= Hothousing =

Form of education for children

Hothousing is a form of education for children, involving intense study of a topic in order to stimulate the child's mind. The goal is to take normal or bright children and boost them to a level of intellectual functioning above the norm. Advocates of the practice claim that it is essential for the brightest to flourish intellectually, while critics claim that it does more harm than good and can lead a child to abandon the area studied under such a scheme later in life.

== Development ==
It was Irving Sigel who first introduced the term "hothousing" after the greenhouse farming method, defining it as "the process of inducing infants to acquire knowledge that is typically acquired at a later developmental level." It was an analogy with the way vegetables are forced to ripen in this condition. Sigel, who worked for the Educational Testing Service in Princeton, used it to refer to a child who is drilled in academic fields such as reading and math long before other children begin learning them in school. The child is likened to a "hurried student" induced to acquire knowledge with emphasis on how it fits into a broader scheme of knowledge instead of acquiring bits of information.

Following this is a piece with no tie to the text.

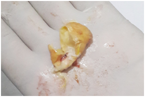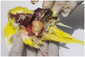 Diagnosis of the egg binding condition is mainly based on the owner’s history and clinical signs. A through physical examination of the individual birds including examination of vent, feathers, feet and abdomen and status on pain evincing while abdominal and coelomic palpation for the detection of eggs. Biochemical analysis of the birds for the complete blood count, serum biochemical profiles including ionized calcium, total calcium, phosphorous, creatinine kinase, creatinine and uric acid levels. Confirmation of the condition determined by the radiographic examination of the abdomen for the presence of eggs with shell and ultrasonography examination if the different visceral organs including reproductive tract. Electrocardiography also utilized for assessment of electrolyte variations.5,7,8 Post-mortem examination of the birds revealed presence of the egg in the reproductive tract (Figure 3) and consistency of the egg shell depends on the levels of calcium and liquefaction of the yolk depends on the duration of the condition (Figure 4).
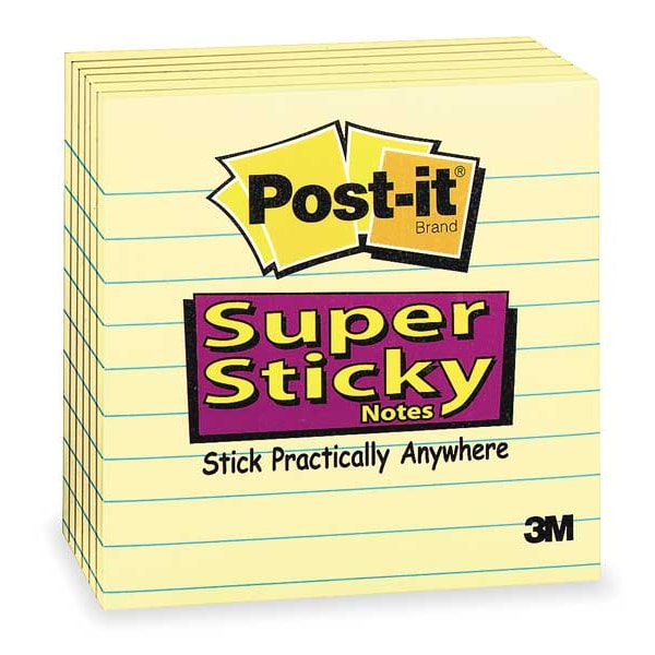 Sticky Notes, 4 in x 4 in, Adhesion Super Sticky, Color Yellow, Recycled Content 0 Percent, Sheets per Pad 90, Rule Ruled, Pads per Pack 6, Package Quantity 6

In 1985, a symposium titled "The Hot Housing of Young Children; So Much, So Soon" was held in Philadelphia. Most presenters at the symposium were critical of hothousing, with one presenter, Brian Sutton-Smith, remarking "If you get hothoused, you end up being a rotten tomato—or at least a pallid tomato". In 1987, a Channel 4 documentary series Hot House People was seen by millions of viewers, telling them that every child should be "programmed for genius" and has a potential intelligence greater than that of Leonardo da Vinci.

Some scholars have criticized hothousing, labeling it as early maturity of learning.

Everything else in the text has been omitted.